Test 1: Summarize an earnings call
"Here's the transcript of NVIDIA's Q4 earnings call. Give me the 5 most important takeaways for an investor, in plain English, and flag anything the CFO seemed to dodge."
ChatGPT produced a clean five-bullet summary with the right numbers. The "what they dodged" call-out was generic — it noted that they sidestepped a question about China export controls but didn't quote the specific evasive phrase.
Claude produced a slightly longer summary that quoted three specific moments from the transcript — a CFO non-answer about gross margin guidance, a hedge on data-center customer concentration, and an aside about backlog quality. It also flagged a number ChatGPT had reported as "$45B" that was actually "$45.2B" — Claude's version was right.

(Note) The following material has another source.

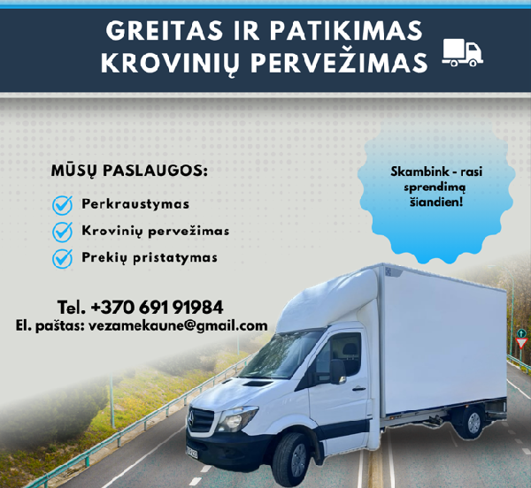 Perkraustai? Reikia pervežti baldus, buitinę techniką ar siuntinį? Mes pasiruošę padėti greitai, saugiai ir už draugišką kainą! 1. Atvykstame tą pačią dieną nereikės ilgai laukti! 2. Dirbame ir savaitgaliais prisitaikome prie jūsų laiko. 3. Malonus aptarnavimas. 4. Aiškios, draugiškos kainos. 5. Padedame pakrauti/iškrauti, galimas užnešimas. 6. Vežame Kaune ir aplink greitai ir patikimai. Turime tvarkingą krovininį automobilį su liftu (žr. nuotrauką), kad jūsų daiktai būtų pervežti saugiai ir be jokio vargo. Tel. +370 691 91984 El. paštas: vezamekaune@gmail.com Perkraustymas ir pervežimas mes pasiruošę padėti jums šiandien!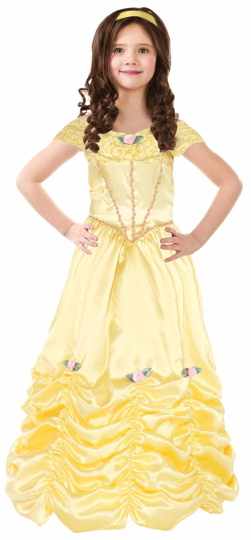 Your little beauty will feel just like a storybook princess in this lovely costume! Floor-length off-the-shoulder yellow satin gown with ruched hem and rosette trims comes with a matching yellow headband. Add your own gloves.

Test 2: Build a bull and bear case
"I'm considering a position in $TSLA at current levels. Give me the 3 strongest bull arguments and the 3 strongest bear arguments, with the specific numbers or events behind each."
ChatGPT nailed this. It pulled fresh data via its web search (Q1 deliveries, energy storage growth, robotaxi rollout dates), and its bear case cited specific China-market market-share numbers from a recent CNBC article. The freshness was a real advantage.
Claude gave a structurally cleaner answer (three bull, three bear, each with sub-bullets explaining the mechanism), but its data was older — the free tier doesn't have built-in web search, so it was working from training data. The reasoning was sharper but the inputs were stale.
Built-in web search means the freshest data of any AI assistant. The Plus tier ($20/mo) unlocks faster models, image gen, and the GPT plugin ecosystem.
Try ChatGPT →Test 3: Build a watchlist from criteria
"Give me 10 large-cap US energy stocks with positive free cash flow, dividend yield over 3%, and trading below their 200-day moving average."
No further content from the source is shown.